Recorded data —
******************************

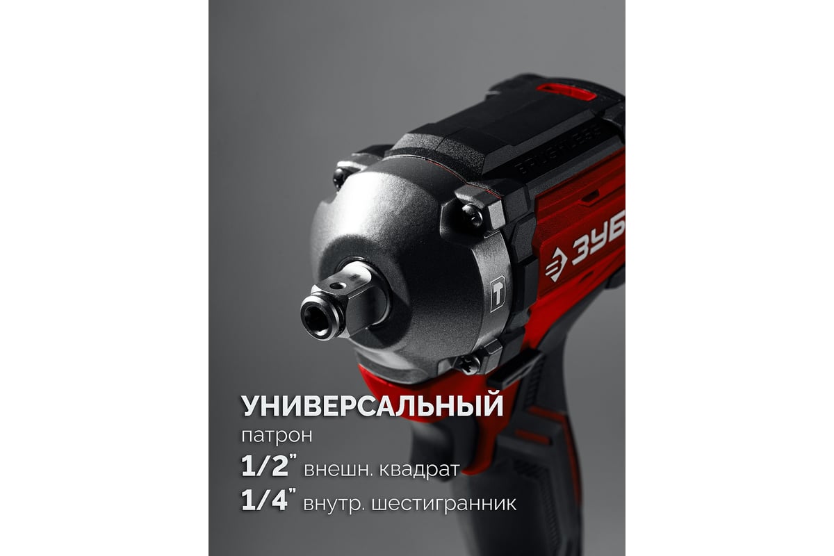 Описание Гайковерт Зубр ГБУ-350-41 LSM Бесщеточный ударный гайковерт ЗУБР системы LMS с максимальным крутящим моментом 350 Нм предназначен для фиксации резьбовых соединений размером до М18. Ударная функция с тангенциальным направлением удара обеспечивает эффективное заворачивание без реактивного момента на кисть оператора. Комплектация с аккумулятором большой емкости позволяет работать дольше на одном заряде. Применяется для закручивания/откручивания крепежных элементов при сборке/разборке металлических конструкций, снятии/установке колес автомобиля и т.д. при установке соответствующего расходного инструмента. Универсальный патрон с квадратным хвостовиком 1/2'' и внутренним HEX 1/4'' позволяет устанавливать стандартный сменный инструмент без переходников - Единая аккумуляторная система LMS для 500+ инструментов
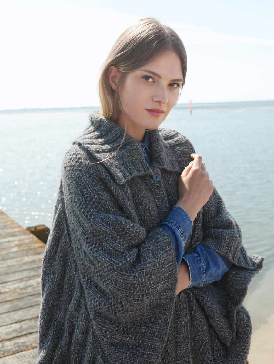 Lana Grossa-kvalitet „Lala Berlin Shiny” (46 % (baby) alpacka, 30 % bomull, 8 % virgin ull (merino), 8 % polyester, 8 % polyamid, löplängd = ca. 150 m/50 g): ca. 550 g grå (färg 6); rundstickor nr. 6, 80 och 120 cm lång, rundstickor nr. 7, 80 och 120 cm långa, 1 virknål nr. 5; 4 pärlemorknappar från Union Knopf, art. 453037, diameter 20 mm, färg 78 mörk grå; sytråd.
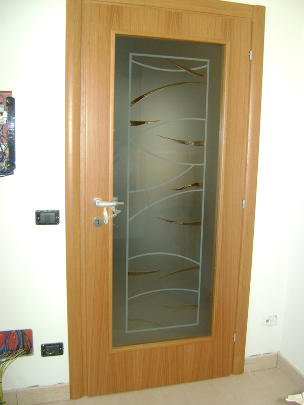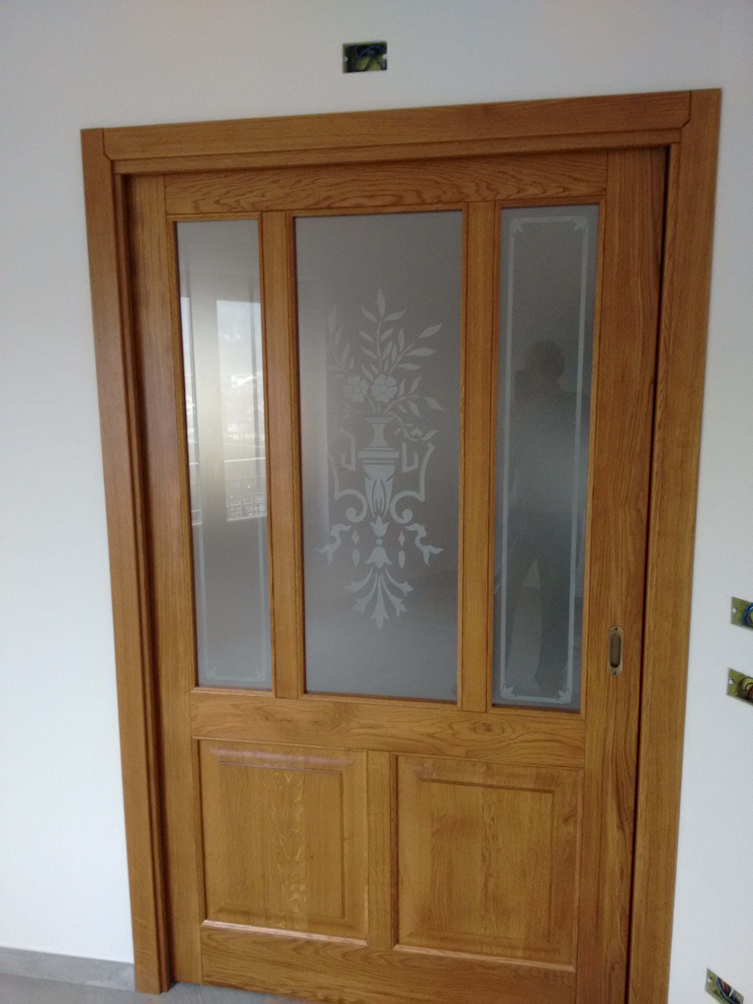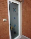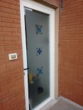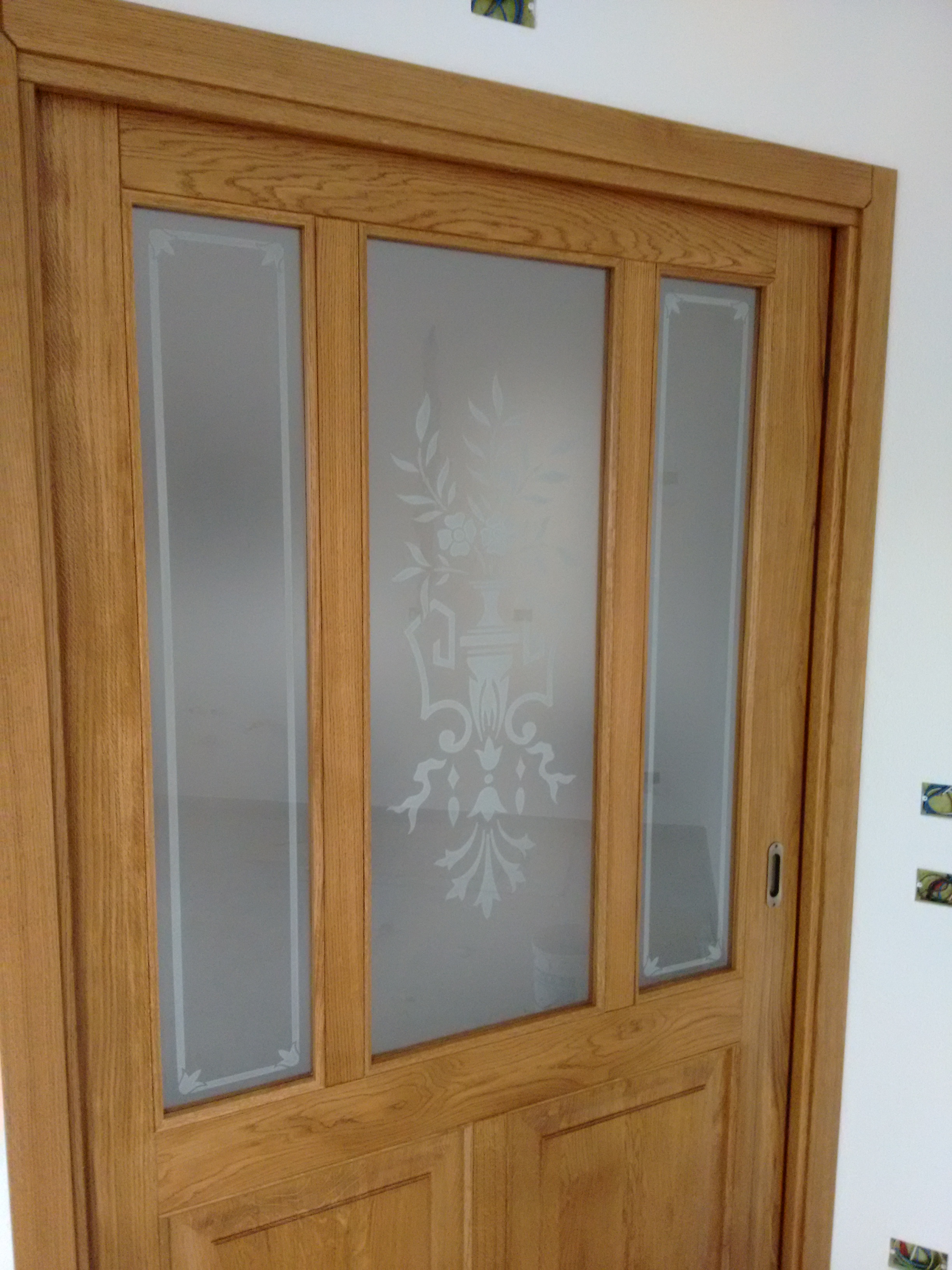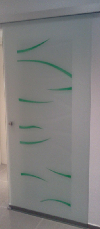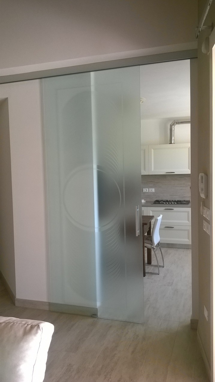 - porta in vetro scorrevole con decoro sabbiato e verniciato completo di kit in alluminio
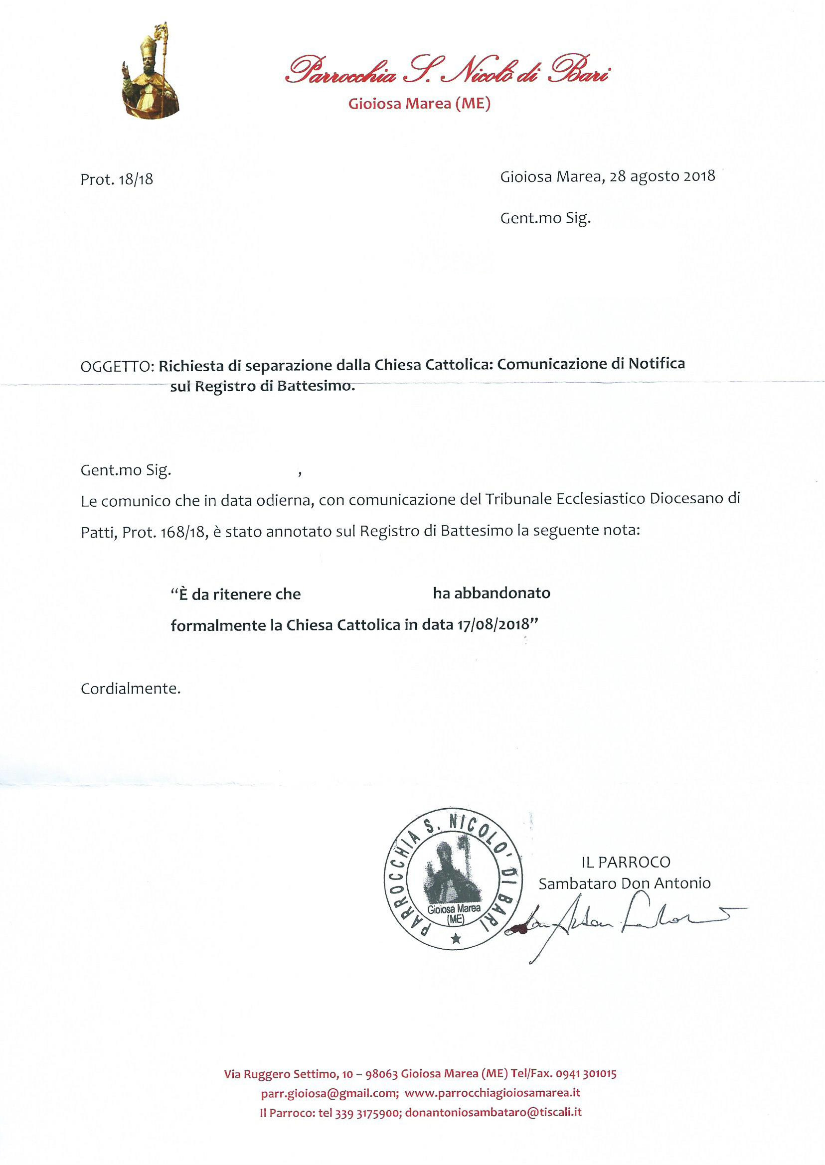 Una persona ha chiesto la rettifica dei dati relativi al proprio battesimo avvenuto a San Nicolò di Bari - GIOIOSA MAREA (ME) il 28/08/2018, dichiarando di non voler più far parte della Chiesa Cattolica.
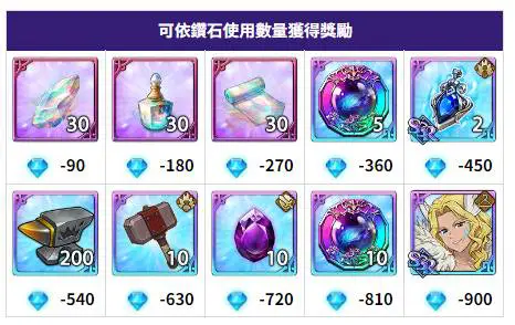 - 活動期間內,可根據鑽石消耗量獲得獎勵。
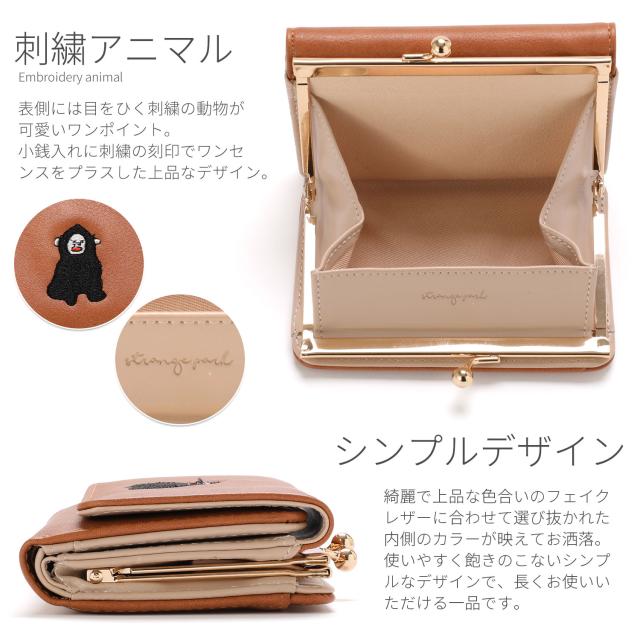 表側には目をひく刺繍の動物が可愛いワンポイント。 小銭入れに刺繍の刻印でワンセンスをプラスした上品なデザイン。
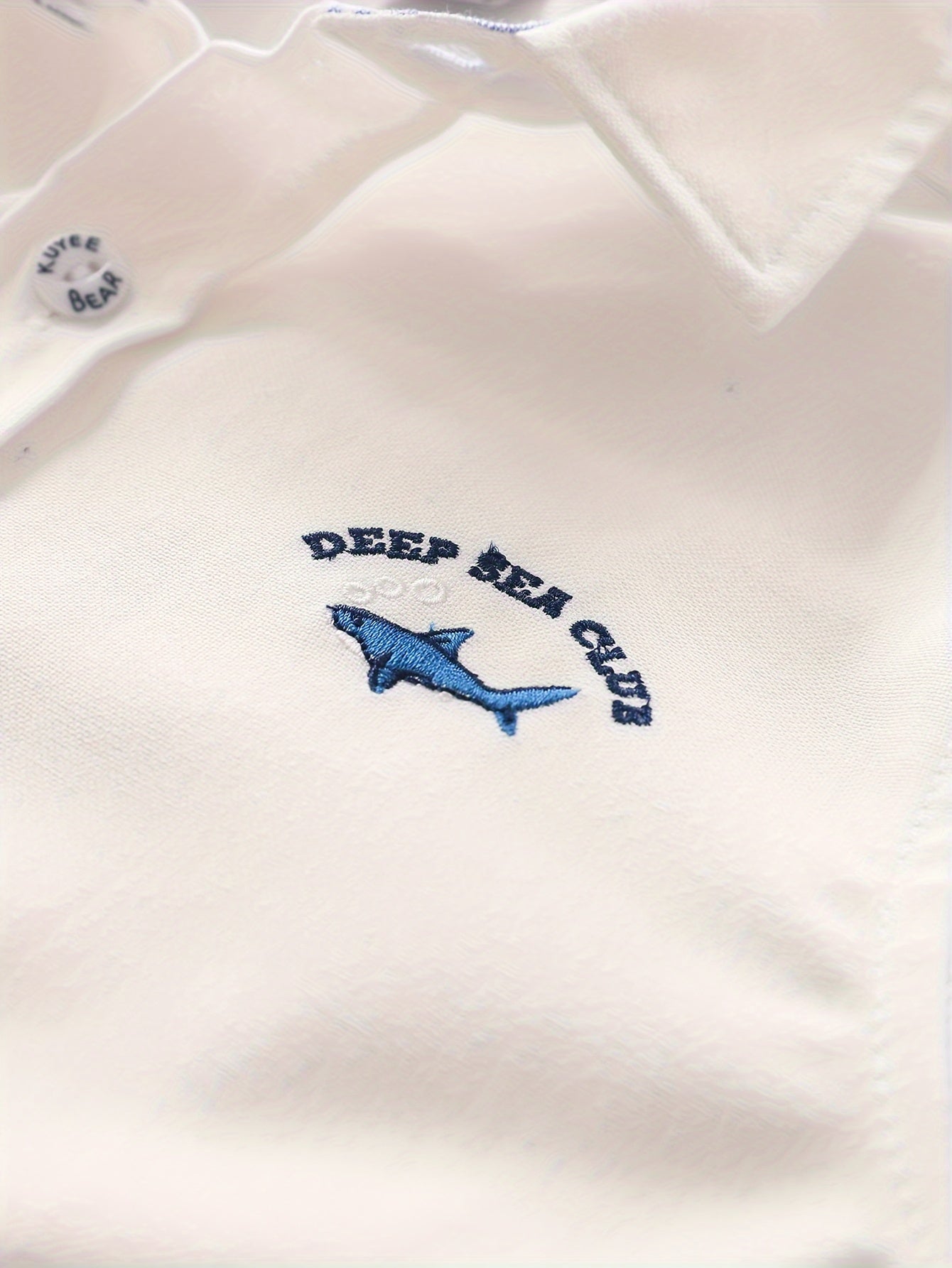 Camisa de algodón para hombres con bordado de tiburón para niños, primavera y otoño, azul, pequeño y mediano
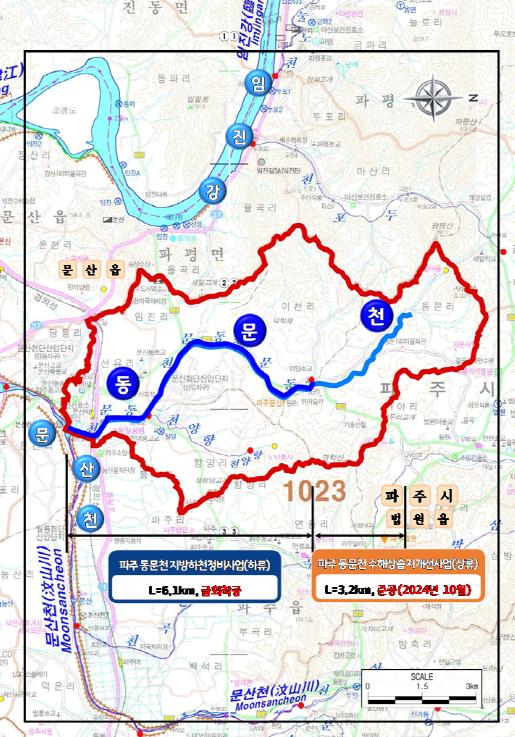정비사업은 파주시 문산읍 선유리에서 법원읍 동문리에 이르는 동문천 일원 총 연장 6.1km 구간의 하천을 정비하는 것으로 ▲축제공(제방 쌓기) 6.1km ▲보축(제방 보수·보강)2.4km ▲교량 5개소 설치 등이 포함된다.
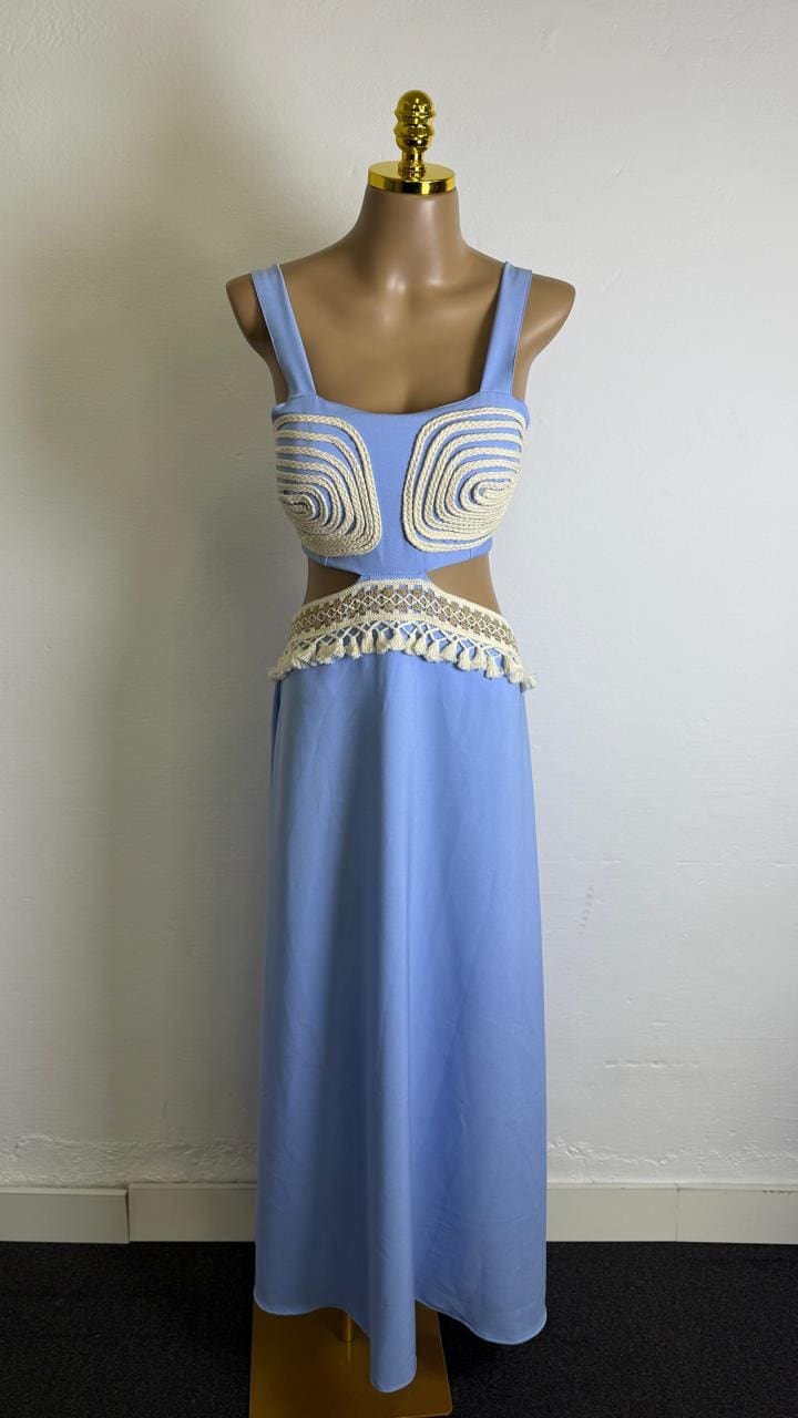 Este vestido longo apresenta recortes na cintura e uma saia fluida.
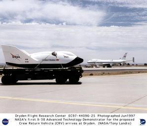 | Keywords: X-38 Arrival at NASA Dryden on June 4, 1997 DVIDS684645.jpg en control system and a bank of batteries for internal power The actual CRV to be flown in space was expected to be 30 feet long The X-38 project is a joint effort between the Johnson Space Center Houston Texas JSC Langley Research Center Hampton Virginia LaRC and Dryden Flight Research Center Edwards California DFRC with the program office located at JSC A contract was awarded to Scaled Composites Inc Mojave California for construction of the X-38 test airframes The first vehicle was delivered to the JSC in September 1996 The vehicle was fitted with avionics computer systems and other hardware at Johnson A second vehicle was delivered to JSC in December 1996 Flight research with the X-38 at Dryden began with an unpiloted captive-carry flight in which the vehicle remained attached to its future launch vehicle Dryden's B-52 008 There were four captive flights in 1997 and three in 1998 plus the first drop test on March 12 1998 using the parachutes and parafoil Further captive and drop tests occurred in 1999 In March 2000 Vehicle 132 completed its third and final free flight in the highest fastest and longest X-38 flight to date It was released at an altitude of 39 000 feet and flew freely for 45 seconds reaching a speed of over 500 miles per hour before deploying its parachutes for a landing on Rogers Dry Lakebed In the drop tests the X-38 vehicles have been autonomous after airlaunch from the B-52 After they deploy the parafoil they have remained autonomous but there is also a manual mode with controls from the ground NASA's first X-38 Advanced Technology Demonstrator for the proposed Crew Return Vehicle CRV arrives at NASA's Dryden Flight Research Center Edwards California in June 1997 The vehicle arrived aboard a USAF C-17 transport aircraft from NASA's Johnson Space Center JSC and is seen here on the ramp with NASA's Boeing 747 Shuttle Carrier Aircraft SCA in the background The X-38 Crew Return Vehicle CRV research project is designed to develop the technology for a prototype emergency crew return vehicle or lifeboat for the International Space Station The project is also intended to develop a crew return vehicle design that could be modified for other uses such as a joint U S and international human spacecraft that could be launched on the French Ariane-5 Booster The X-38 project is using available technology and off-the-shelf equipment to significantly decrease development costs Original estimates to develop a capsule-type crew return vehicle were estimated at more than 2 billion X-38 project officials have estimated that development costs for the X-38 concept will be approximately one quarter of the original estimate Off-the-shelf technology is not necessarily old technology Many of the technologies being used in the X-38 project have never before been applied to a human-flight spacecraft For example the X-38 flight computer is commercial equipment currently used in aircraft and the flight software operating system is a commercial system already in use in many aerospace applications The video equipment for the X-38 is existing equipment some of which has already flown on the space shuttle for previous NASA experiments The X-38's primary navigational equipment the Inertial Navigation System/Global Positioning System is a unit already in use on Navy fighters The X-38 electromechanical actuators come from previous joint NASA U S Air Force and U S Navy research and development projects Finally an existing special coating developed by NASA will be used on the X-38 thermal tiles to make them more durable than those used on the space shuttles The X-38 itself was an unpiloted lifting body designed at 80 percent of the size of a projected emergency crew return vehicle for the International Space Station although two later versions were planned at 100 percent of the CRV size The X-38 and the actual CRV are patterned after a lifting-body shape first employed in the Air Force-NASA X-24 lifting-body project in the early to mid-1970s The current vehicle design is base lined with life support supplies for about nine hours of orbital free flight from the space station It's landing will be fully automated with backup systems which allow the crew to control orientation in orbit select a deorbit site and steer the parafoil if necessary The X-38 vehicles designated V131 V132 and V-131R are 28 5 feet long 14 5 feet wide and weigh approximately 16 000 pounds on average The vehicles have a nitrogen-gas-operated attitude NASA Identifier NIX-EC97-44096-25 2009-12-09 Glenn Research Center https //www dvidshub net/image/684645 684645 2012-10-10 11 02 WASHINGTON DC US PD-USGov Langley Research Center Images from DoD uploaded by Fæ NASA X-38 N911NA aircraft |

******************************

Task — Please extract exactly the lines of the data, from the first through the line containing "- porta in vetro", and add no pictures to the copy.

Your solution —
 Описание Гайковерт Зубр ГБУ-350-41 LSM Бесщеточный ударный гайковерт ЗУБР системы LMS с максимальным крутящим моментом 350 Нм предназначен для фиксации резьбовых соединений размером до М18. Ударная функция с тангенциальным направлением удара обеспечивает эффективное заворачивание без реактивного момента на кисть оператора. Комплектация с аккумулятором большой емкости позволяет работать дольше на одном заряде. Применяется для закручивания/откручивания крепежных элементов при сборке/разборке металлических конструкций, снятии/установке колес автомобиля и т.д. при установке соответствующего расходного инструмента. Универсальный патрон с квадратным хвостовиком 1/2'' и внутренним HEX 1/4'' позволяет устанавливать стандартный сменный инструмент без переходников - Единая аккумуляторная система LMS для 500+ инструментов
 Lana Grossa-kvalitet „Lala Berlin Shiny” (46 % (baby) alpacka, 30 % bomull, 8 % virgin ull (merino), 8 % polyester, 8 % polyamid, löplängd = ca. 150 m/50 g): ca. 550 g grå (färg 6); rundstickor nr. 6, 80 och 120 cm lång, rundstickor nr. 7, 80 och 120 cm långa, 1 virknål nr. 5; 4 pärlemorknappar från Union Knopf, art. 453037, diameter 20 mm, färg 78 mörk grå; sytråd.
 - porta in vetro scorrevole con decoro sabbiato e verniciato completo di kit in alluminio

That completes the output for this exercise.